# To do
Without the pictures, write the listing below out again, line for line.
++++ Material for the task
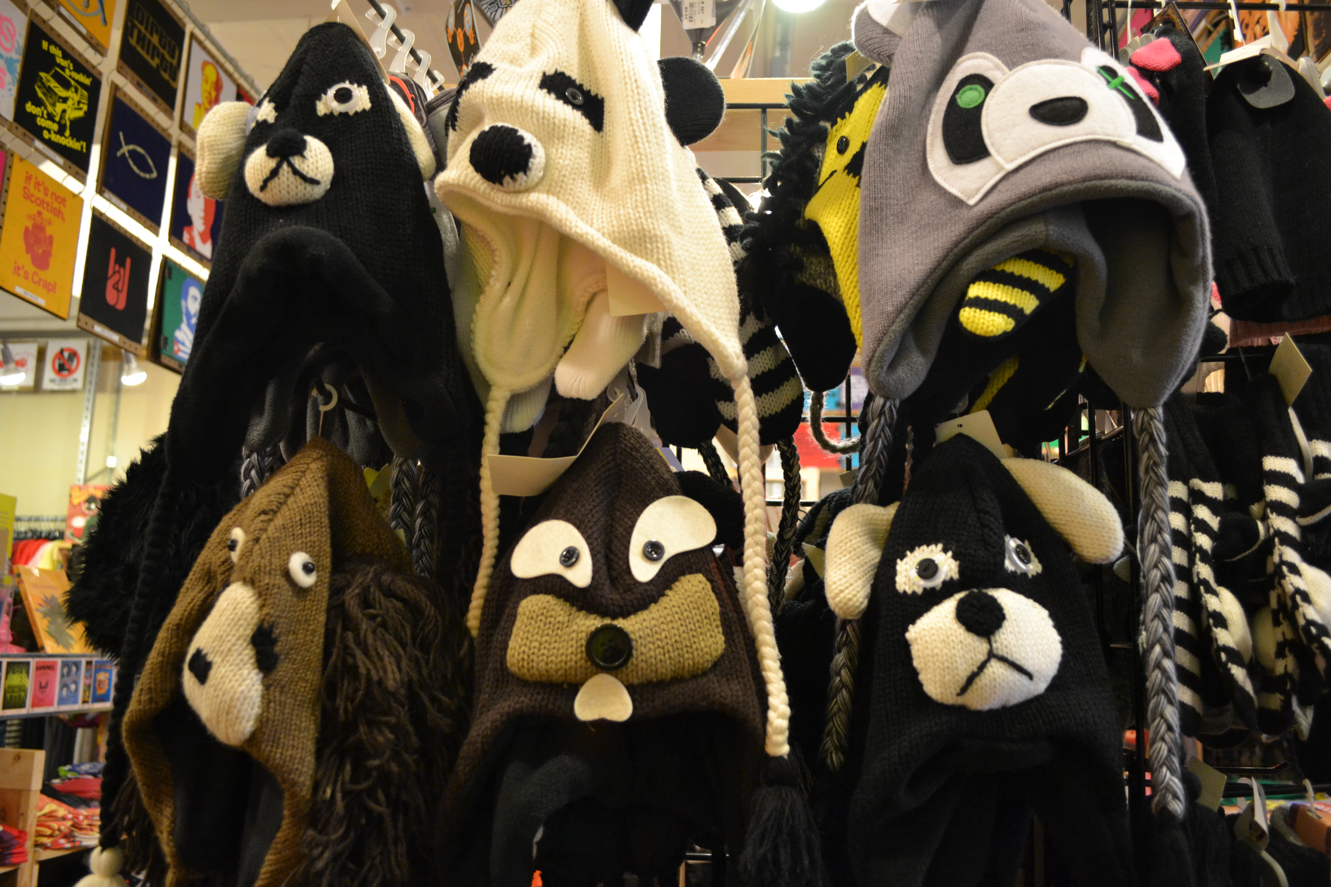 Down the street at People’s Nation, located at 126 East College Avenue, there’s a ton of crazy and unique winter items. The store carries furry hats with attached mittens. These creative inventions have extra long earpieces extending from the hat with pockets for your hands. The hats come in a variety of different faux furs with or without animal ears.
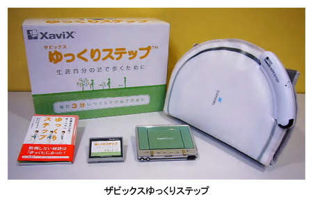 「ザビックスゆっくりステップ」は、健康コンピュータ「ザビックス・ポート」とマット型の「ステップセンサ」を使い、テレビ画面のインストラクターに合わせながら行う比較的穏やかで簡単な歩行訓練システム。個人個人の歩行能力を測定・数値化することで、それぞれにあった訓練目標を設定ができ、さまざまな症状の人に対応できる。また、専門医が患者に対して行う運動処方に基づいたトレーニングを自宅でできる機能もある。
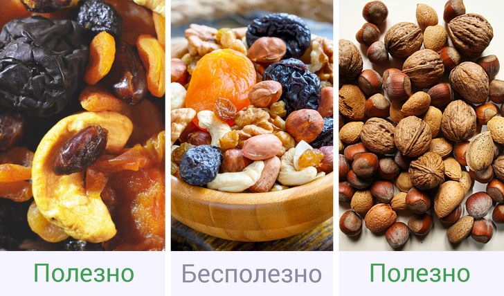 Такий традиційний перекус більшості поборників ЗСЖ не шкодить здоров'ю. Але в поєднанні втрачає частину своєї корисності: фитиновая кислота, яка міститься в горіхах, зв'язує і виводить корисні мінерали, особливо залізо, цинк, магній і кальцій. Тому не варто змішувати мигдаль, арахіс, лісові і волоські горіхи разом з курагою, чорносливом, родзинками та іншими сушеними фруктами і ягодами.
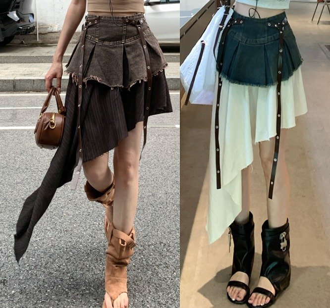 - スカート アシンメトリー フリル 切り替え スリム 着痩せ XL グレー
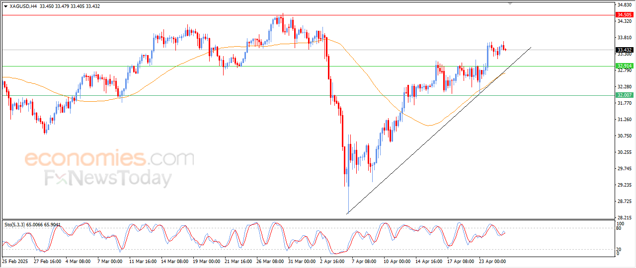 Therefore, our expectations suggest a silver price rise in its upcoming intraday trading, if the support level remains stable above $32.90, to target the key resistance at $34.50, which represents a critical level to confirm the continuation of the gains.
++++++++
# Your solution
 Down the street at People’s Nation, located at 126 East College Avenue, there’s a ton of crazy and unique winter items. The store carries furry hats with attached mittens. These creative inventions have extra long earpieces extending from the hat with pockets for your hands. The hats come in a variety of different faux furs with or without animal ears.
 「ザビックスゆっくりステップ」は、健康コンピュータ「ザビックス・ポート」とマット型の「ステップセンサ」を使い、テレビ画面のインストラクターに合わせながら行う比較的穏やかで簡単な歩行訓練システム。個人個人の歩行能力を測定・数値化することで、それぞれにあった訓練目標を設定ができ、さまざまな症状の人に対応できる。また、専門医が患者に対して行う運動処方に基づいたトレーニングを自宅でできる機能もある。
 Такий традиційний перекус більшості поборників ЗСЖ не шкодить здоров'ю. Але в поєднанні втрачає частину своєї корисності: фитиновая кислота, яка міститься в горіхах, зв'язує і виводить корисні мінерали, особливо залізо, цинк, магній і кальцій. Тому не варто змішувати мигдаль, арахіс, лісові і волоські горіхи разом з курагою, чорносливом, родзинками та іншими сушеними фруктами і ягодами.
 - スカート アシンメトリー フリル 切り替え スリム 着痩せ XL グレー
 Therefore, our expectations suggest a silver price rise in its upcoming intraday trading, if the support level remains stable above $32.90, to target the key resistance at $34.50, which represents a critical level to confirm the continuation of the gains.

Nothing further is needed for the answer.